Jaguar to make an electric version of 1960s sports car the E-Type

Jaguar made headlines last spring when Prince Harry and Meghan Markle ...

Posted: Aug. 24, 2018 7:41 AM
Updated: Aug. 24, 2018 7:41 AM

Jaguar made headlines last spring when Prince Harry and Meghan Markle drove away from their royal wedding in its all-electric Jaguar E-Type. Now you'll be able to buy your own.

Jaguar has announced it will make a series of all-electric Jaguar E-Type sports cars.

This isn't an all-new E-type. It's the same classic sports car from the 1960s with its long hood, curved roof and chrome bumpers, but with its engine and transmission removed and replaced by a battery pack and an electric motor.

Customers who already own classic E-types will be able to pay to have their car converted to electric drive -- the original engine and transmission will be preserved so that they can be put back in, if that's ever wanted -- or customers can pay Jaguar to acquire an E-type for conversion.

Much of the electric drive technology on the car is the same as that used in the Jaguar I-Pace electric SUV. The battery pack fits nicely under the hood, where the E-Type's 6-cylinder engine is usually housed. The electric motor fits in the transmission tunnel between the seats.

Thanks to the placement of these items where the car's major mechanical components were housed, the electric E-Type will have the same weight distribution as it did before.

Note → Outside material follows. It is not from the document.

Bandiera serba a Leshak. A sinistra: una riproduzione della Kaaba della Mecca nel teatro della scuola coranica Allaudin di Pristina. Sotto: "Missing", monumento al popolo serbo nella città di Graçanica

Other parts, like the brakes and suspension, aren't changed so the car will handle and drive much as it did with a gasoline engine, it will just be somewhat quicker.

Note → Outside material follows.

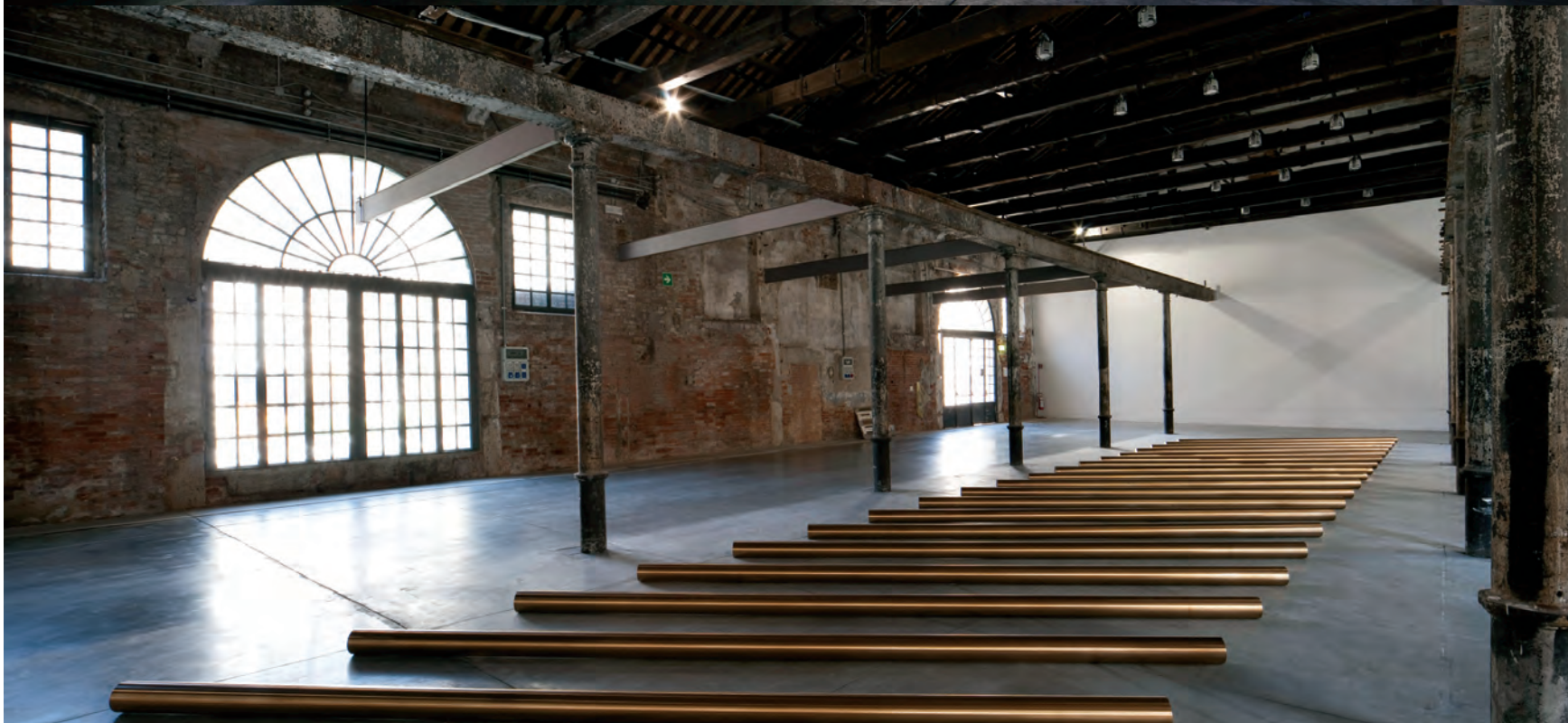
↑ Bruce NAUMAN, Raw Material with Continuous Shift—MMMM , 1991. L'Arsenale.

Jaguar hasn't revealed exact performance numbers yet, but the British luxury car maker says it is targeting a range of about 170 miles.

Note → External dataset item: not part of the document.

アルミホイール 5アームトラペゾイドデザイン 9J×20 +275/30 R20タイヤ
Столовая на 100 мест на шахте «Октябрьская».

The cars can be left with their period-correct instruments and headlights if that's what the customer prefers, or they can be given modern gauges and touchscreen navigation and radio controls, as well as new LED headlights.

The conversion to electric can be performed on any six-cylinder E-Type or on any other Jaguar model that had that same engine. So a customer could get an electric version of an XJ6 sedan, for example, or an electric XK120 from the 1950s.

The cars will be made at Jaguar's Classic Works facility where the carmaker restores and rebuilds classic cars.

Pricing the electric E-Type, or any other electrified classic, will vary depending on the specific situation. Obviously, it will be less if the buyer supplies the car for conversion. Otherwise, Jaguar will have to obtain the car and the price will depend on the price of that original car plus the cost of any additional work that might be needed due to its age and condition.